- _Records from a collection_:
=== Begin Enclosure ===

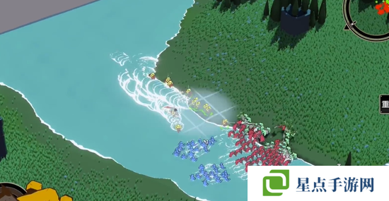 3、再操控部队前往河中,尝试截断敌人的蓝色的部队。
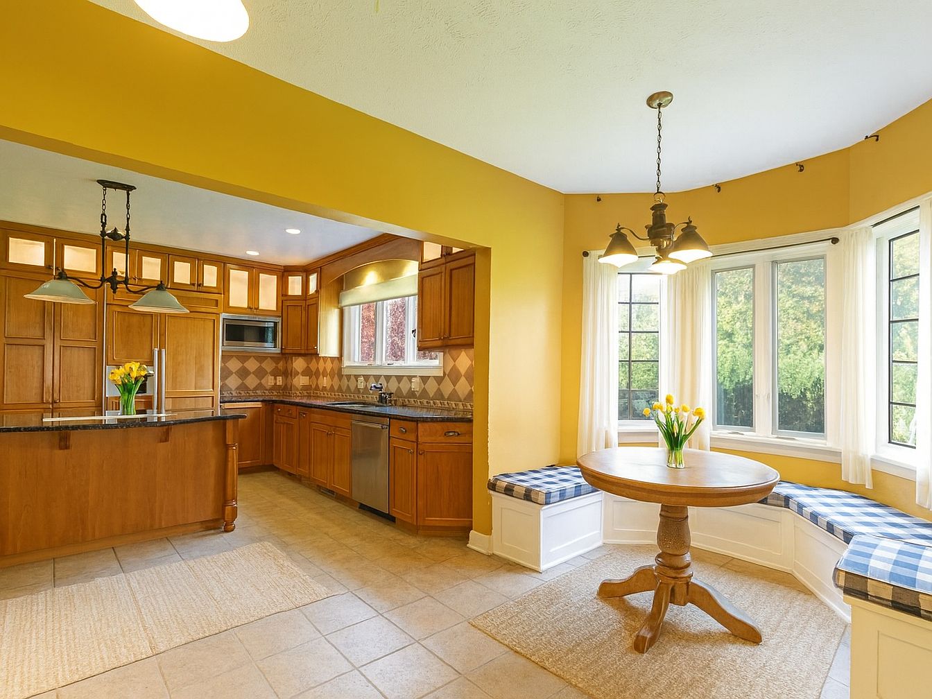 The kitchen showcases a bright and inviting layout, featuring a warm yellow color scheme that enhances natural light. Rich wooden cabinetry complements the polished black granite countertops, creating an upscale yet cozy atmosphere. The dining area includes a round wooden table accompanied by comfortable blue and white checkered cushions, nestled in a charming bay window. Large windows framed with sheer white curtains offer a view of the greenery outside, adding to the tranquility of the space. Architectural details such as pendant lights and patterned tile backsplashes elevate the aesthetic, making it an ideal gathering spot.
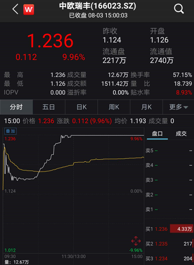 令人惊讶的是,8月3日,二级市场中欧瑞丰涨停了。此前,中欧基金发布公告,旗下基金中欧瑞丰自8月1日起将转型为上市开放式基金(LOF),也就是说投资者可以在市场上交易这只基金。截至收盘,中欧瑞丰涨幅达9.96%,报收1.236元。
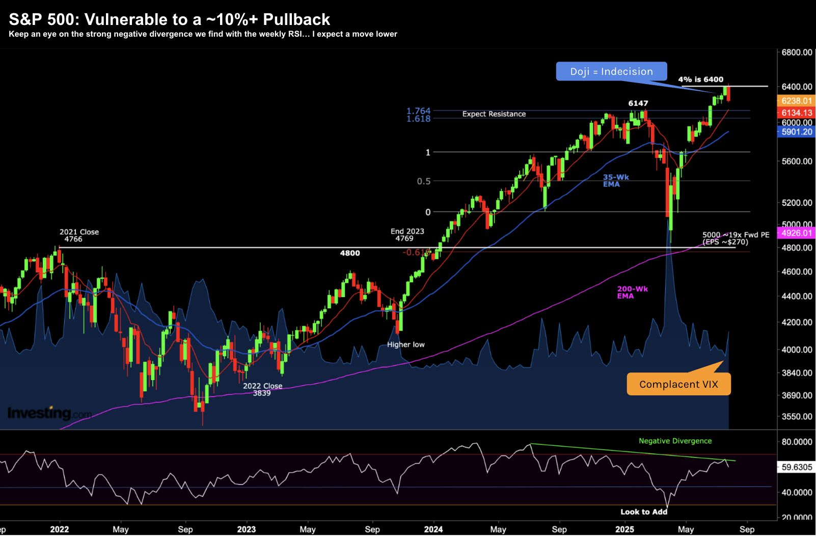 It would be prudent to lower your exposure with the S&P 500 above 6,000 — looking to add when valuations offer a better longer-term risk reward.
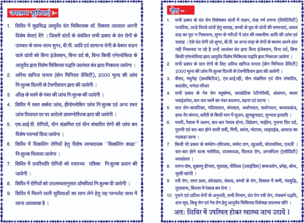 - शिविर में निशुल्क औषधि देने, परामर्श एवं उपचार के साथ स्वास्थ्य पुस्तिका निशुल्क दी जाएगी
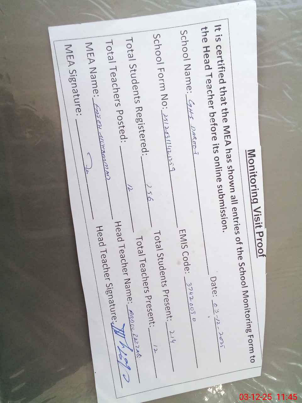| Attendance Register | Head Teacher | MEA with School | Visit Proof |
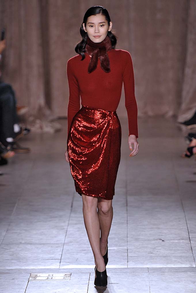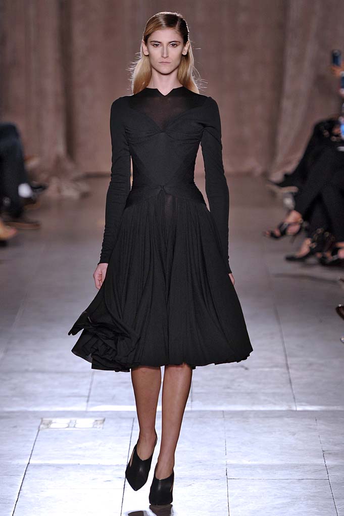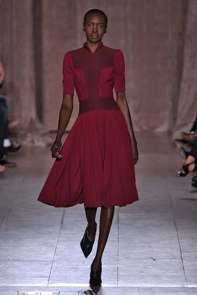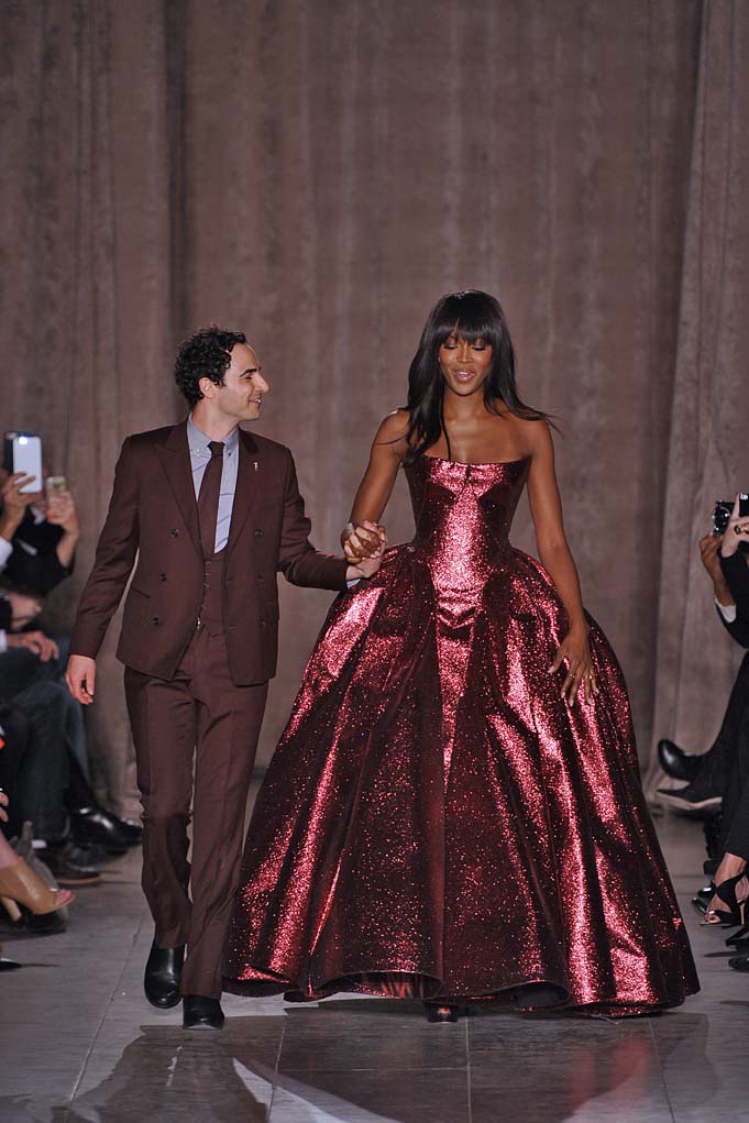 When Naomi Campbell closes a show in a Cinderella-esque sparkly pink ball gown, that’s a real fashion moment. Cheers and a standing ovation ensued at Zac Posen. Plus! Pleated flowing silks were stunning on a golden skirt, and on a forest green dress with cut-outs worn by muse Anna Cleveland (fittingly, she twirled down the runway in the fluid frock). Posen knows how to create the kind of glamour that little girls and grown women alike dream of.

=== End Enclosure ===

- _Problem to work on_: Copy exactly the lines from the one containing "- शिविर में निशुल्क" through the last line of the records above, including both, and omit every picture.

- _Task output_:
 - शिविर में निशुल्क औषधि देने, परामर्श एवं उपचार के साथ स्वास्थ्य पुस्तिका निशुल्क दी जाएगी
| Attendance Register | Head Teacher | MEA with School | Visit Proof |
 When Naomi Campbell closes a show in a Cinderella-esque sparkly pink ball gown, that’s a real fashion moment. Cheers and a standing ovation ensued at Zac Posen. Plus! Pleated flowing silks were stunning on a golden skirt, and on a forest green dress with cut-outs worn by muse Anna Cleveland (fittingly, she twirled down the runway in the fluid frock). Posen knows how to create the kind of glamour that little girls and grown women alike dream of.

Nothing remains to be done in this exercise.